*TASK*.
Your answer must consist of the records exactly as given, with no pictures included.

Recorded data
************

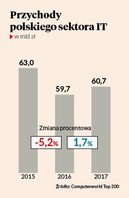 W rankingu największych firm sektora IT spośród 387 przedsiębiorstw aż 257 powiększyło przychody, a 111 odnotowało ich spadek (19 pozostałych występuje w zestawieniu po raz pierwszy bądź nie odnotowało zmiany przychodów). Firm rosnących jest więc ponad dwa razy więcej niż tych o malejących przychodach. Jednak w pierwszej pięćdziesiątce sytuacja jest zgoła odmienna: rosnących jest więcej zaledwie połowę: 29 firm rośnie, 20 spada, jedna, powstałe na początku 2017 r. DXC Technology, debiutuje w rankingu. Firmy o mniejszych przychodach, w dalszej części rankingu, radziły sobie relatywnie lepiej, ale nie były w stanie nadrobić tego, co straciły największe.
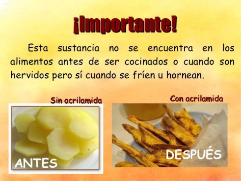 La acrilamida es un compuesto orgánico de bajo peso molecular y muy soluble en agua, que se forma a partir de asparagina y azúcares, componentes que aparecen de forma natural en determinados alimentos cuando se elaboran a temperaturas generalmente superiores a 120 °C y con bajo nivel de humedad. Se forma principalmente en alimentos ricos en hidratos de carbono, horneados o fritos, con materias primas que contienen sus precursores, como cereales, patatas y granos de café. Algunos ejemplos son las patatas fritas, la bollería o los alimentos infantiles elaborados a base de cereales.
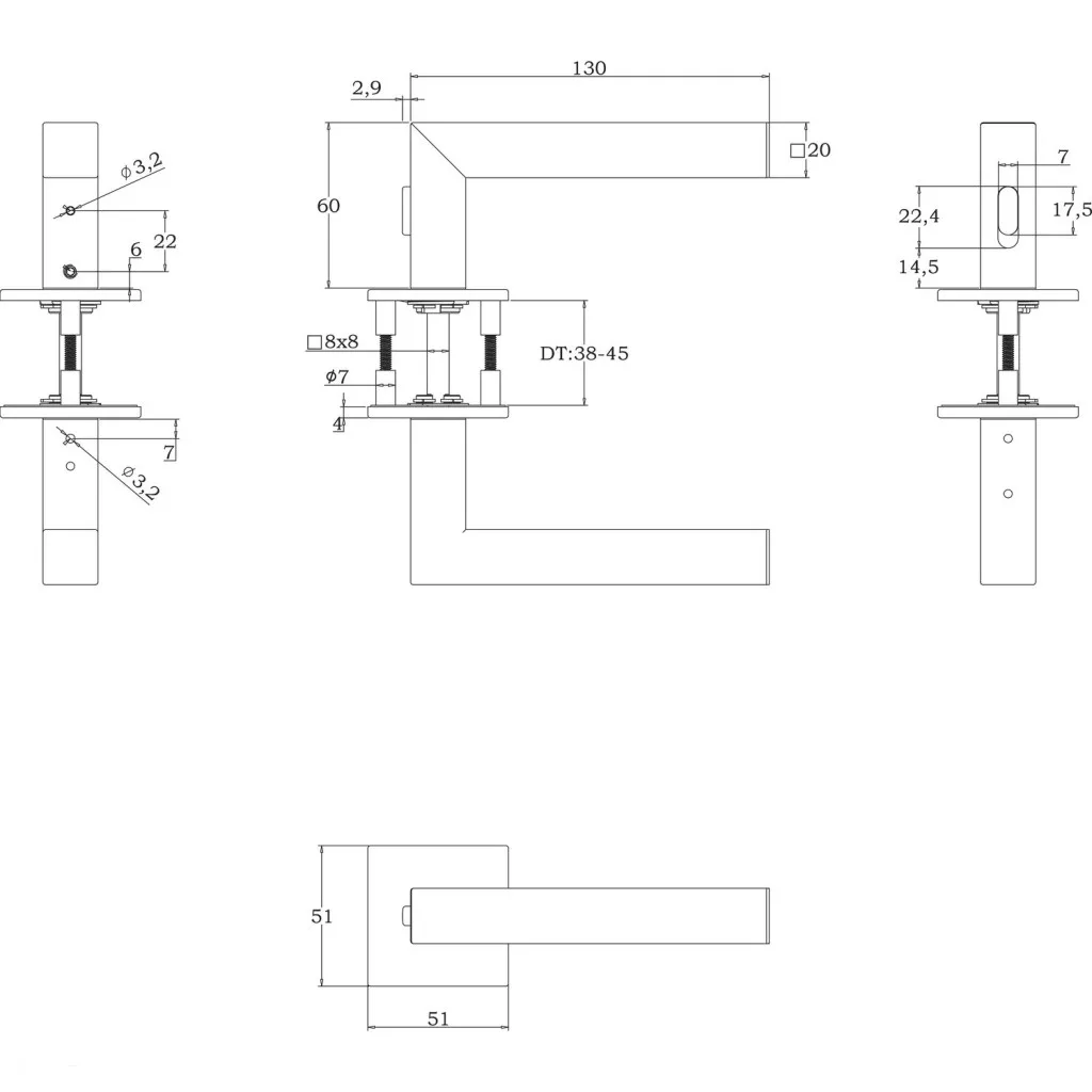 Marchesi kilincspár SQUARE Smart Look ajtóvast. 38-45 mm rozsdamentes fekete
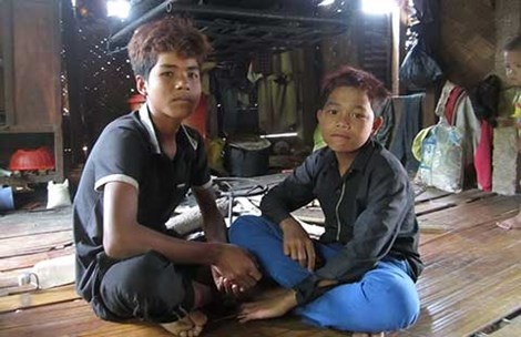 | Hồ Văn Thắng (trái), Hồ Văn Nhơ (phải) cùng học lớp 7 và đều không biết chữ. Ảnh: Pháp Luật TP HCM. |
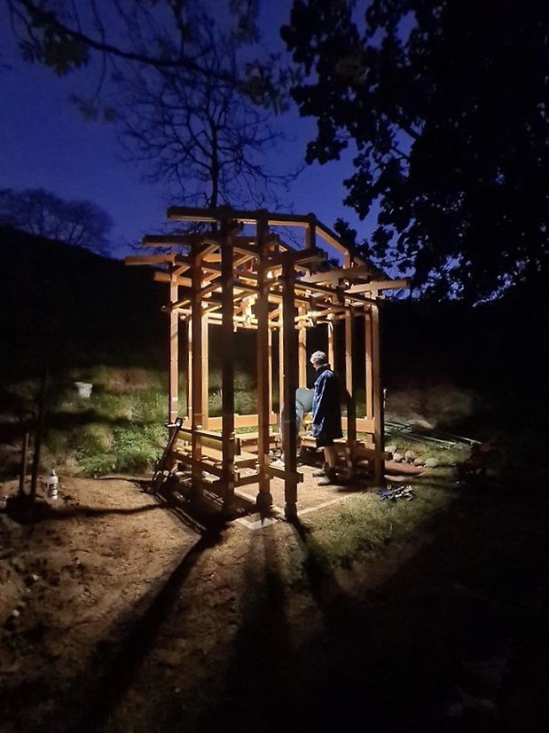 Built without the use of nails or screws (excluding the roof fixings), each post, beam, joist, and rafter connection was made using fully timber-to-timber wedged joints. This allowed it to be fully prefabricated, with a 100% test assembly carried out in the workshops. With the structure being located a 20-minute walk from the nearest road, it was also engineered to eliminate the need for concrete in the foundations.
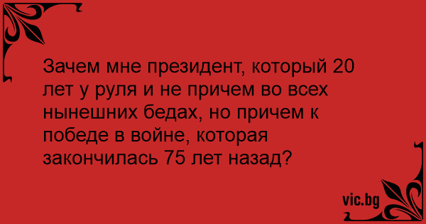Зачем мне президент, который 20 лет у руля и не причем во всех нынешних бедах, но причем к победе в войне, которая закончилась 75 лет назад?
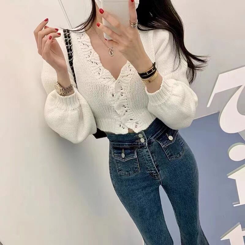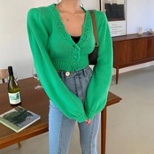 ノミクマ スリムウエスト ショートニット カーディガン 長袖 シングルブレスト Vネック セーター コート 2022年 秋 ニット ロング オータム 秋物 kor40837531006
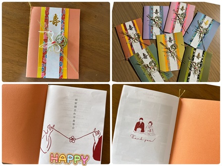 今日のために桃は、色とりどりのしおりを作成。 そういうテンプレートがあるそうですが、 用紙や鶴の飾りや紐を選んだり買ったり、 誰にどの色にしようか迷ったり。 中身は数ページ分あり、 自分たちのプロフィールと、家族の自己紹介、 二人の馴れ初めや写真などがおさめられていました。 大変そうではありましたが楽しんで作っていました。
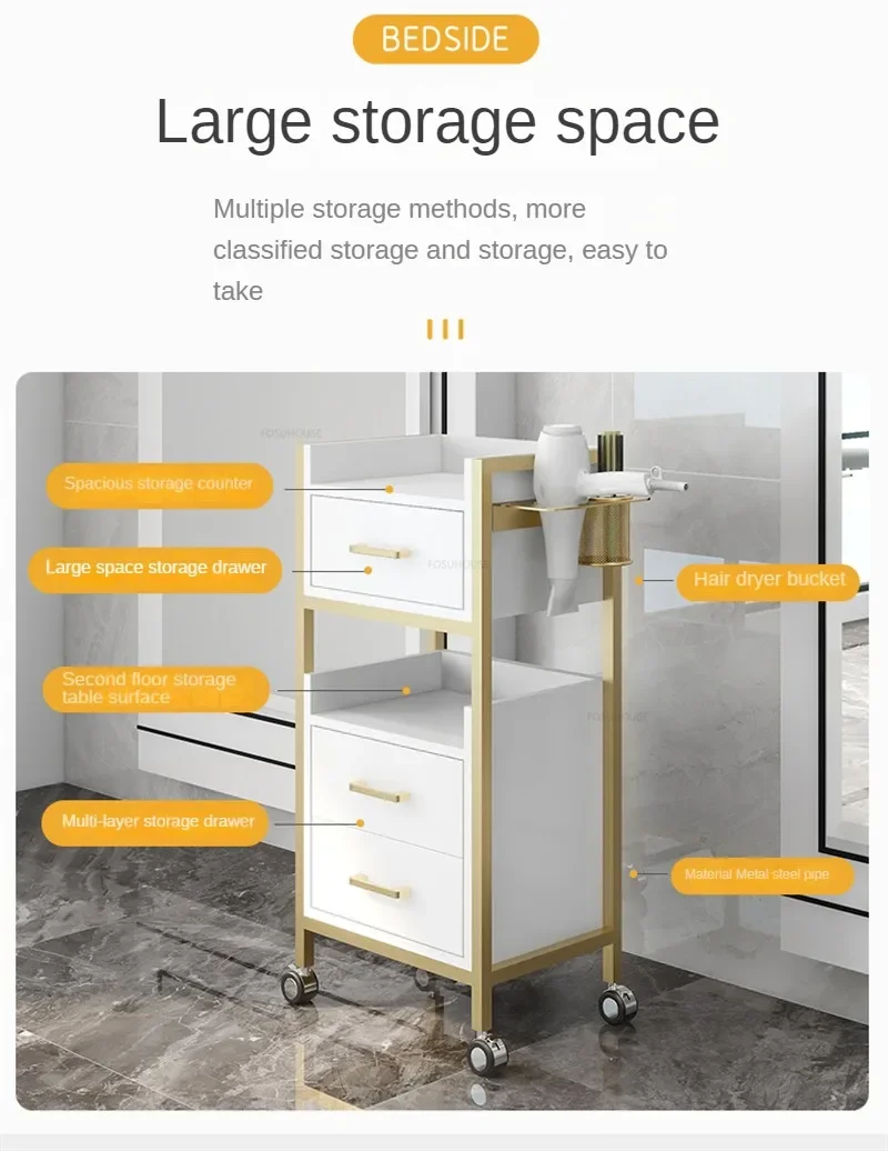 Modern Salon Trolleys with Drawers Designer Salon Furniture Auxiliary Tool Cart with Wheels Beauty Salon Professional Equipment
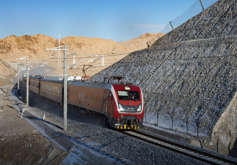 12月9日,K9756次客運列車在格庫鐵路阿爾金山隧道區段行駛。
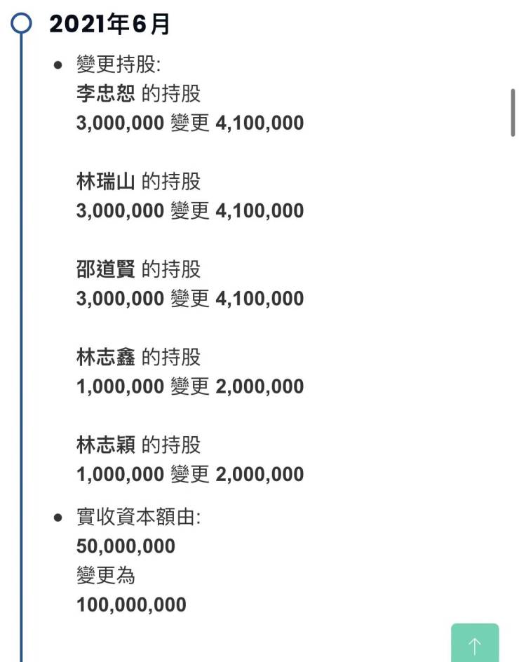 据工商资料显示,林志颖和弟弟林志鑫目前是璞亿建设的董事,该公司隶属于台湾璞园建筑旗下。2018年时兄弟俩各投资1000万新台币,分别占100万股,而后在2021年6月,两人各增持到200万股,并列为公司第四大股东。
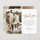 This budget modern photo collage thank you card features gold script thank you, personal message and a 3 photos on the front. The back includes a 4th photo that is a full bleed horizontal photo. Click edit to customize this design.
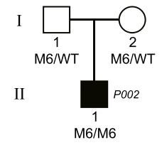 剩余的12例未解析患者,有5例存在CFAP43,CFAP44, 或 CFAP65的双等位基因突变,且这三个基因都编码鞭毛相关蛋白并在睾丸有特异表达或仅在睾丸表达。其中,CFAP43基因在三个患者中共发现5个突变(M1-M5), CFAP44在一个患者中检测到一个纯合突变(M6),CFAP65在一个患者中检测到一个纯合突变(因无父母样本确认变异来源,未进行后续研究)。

************

*OUTPUT BELOW*.
 W rankingu największych firm sektora IT spośród 387 przedsiębiorstw aż 257 powiększyło przychody, a 111 odnotowało ich spadek (19 pozostałych występuje w zestawieniu po raz pierwszy bądź nie odnotowało zmiany przychodów). Firm rosnących jest więc ponad dwa razy więcej niż tych o malejących przychodach. Jednak w pierwszej pięćdziesiątce sytuacja jest zgoła odmienna: rosnących jest więcej zaledwie połowę: 29 firm rośnie, 20 spada, jedna, powstałe na początku 2017 r. DXC Technology, debiutuje w rankingu. Firmy o mniejszych przychodach, w dalszej części rankingu, radziły sobie relatywnie lepiej, ale nie były w stanie nadrobić tego, co straciły największe.
 La acrilamida es un compuesto orgánico de bajo peso molecular y muy soluble en agua, que se forma a partir de asparagina y azúcares, componentes que aparecen de forma natural en determinados alimentos cuando se elaboran a temperaturas generalmente superiores a 120 °C y con bajo nivel de humedad. Se forma principalmente en alimentos ricos en hidratos de carbono, horneados o fritos, con materias primas que contienen sus precursores, como cereales, patatas y granos de café. Algunos ejemplos son las patatas fritas, la bollería o los alimentos infantiles elaborados a base de cereales.
 Marchesi kilincspár SQUARE Smart Look ajtóvast. 38-45 mm rozsdamentes fekete
 | Hồ Văn Thắng (trái), Hồ Văn Nhơ (phải) cùng học lớp 7 và đều không biết chữ. Ảnh: Pháp Luật TP HCM. |
 Built without the use of nails or screws (excluding the roof fixings), each post, beam, joist, and rafter connection was made using fully timber-to-timber wedged joints. This allowed it to be fully prefabricated, with a 100% test assembly carried out in the workshops. With the structure being located a 20-minute walk from the nearest road, it was also engineered to eliminate the need for concrete in the foundations.
Зачем мне президент, который 20 лет у руля и не причем во всех нынешних бедах, но причем к победе в войне, которая закончилась 75 лет назад?
 ノミクマ スリムウエスト ショートニット カーディガン 長袖 シングルブレスト Vネック セーター コート 2022年 秋 ニット ロング オータム 秋物 kor40837531006
 今日のために桃は、色とりどりのしおりを作成。 そういうテンプレートがあるそうですが、 用紙や鶴の飾りや紐を選んだり買ったり、 誰にどの色にしようか迷ったり。 中身は数ページ分あり、 自分たちのプロフィールと、家族の自己紹介、 二人の馴れ初めや写真などがおさめられていました。 大変そうではありましたが楽しんで作っていました。
 Modern Salon Trolleys with Drawers Designer Salon Furniture Auxiliary Tool Cart with Wheels Beauty Salon Professional Equipment
 12月9日,K9756次客運列車在格庫鐵路阿爾金山隧道區段行駛。
 据工商资料显示,林志颖和弟弟林志鑫目前是璞亿建设的董事,该公司隶属于台湾璞园建筑旗下。2018年时兄弟俩各投资1000万新台币,分别占100万股,而后在2021年6月,两人各增持到200万股,并列为公司第四大股东。
 This budget modern photo collage thank you card features gold script thank you, personal message and a 3 photos on the front. The back includes a 4th photo that is a full bleed horizontal photo. Click edit to customize this design.
 剩余的12例未解析患者,有5例存在CFAP43,CFAP44, 或 CFAP65的双等位基因突变,且这三个基因都编码鞭毛相关蛋白并在睾丸有特异表达或仅在睾丸表达。其中,CFAP43基因在三个患者中共发现5个突变(M1-M5), CFAP44在一个患者中检测到一个纯合突变(M6),CFAP65在一个患者中检测到一个纯合突变(因无父母样本确认变异来源,未进行后续研究)。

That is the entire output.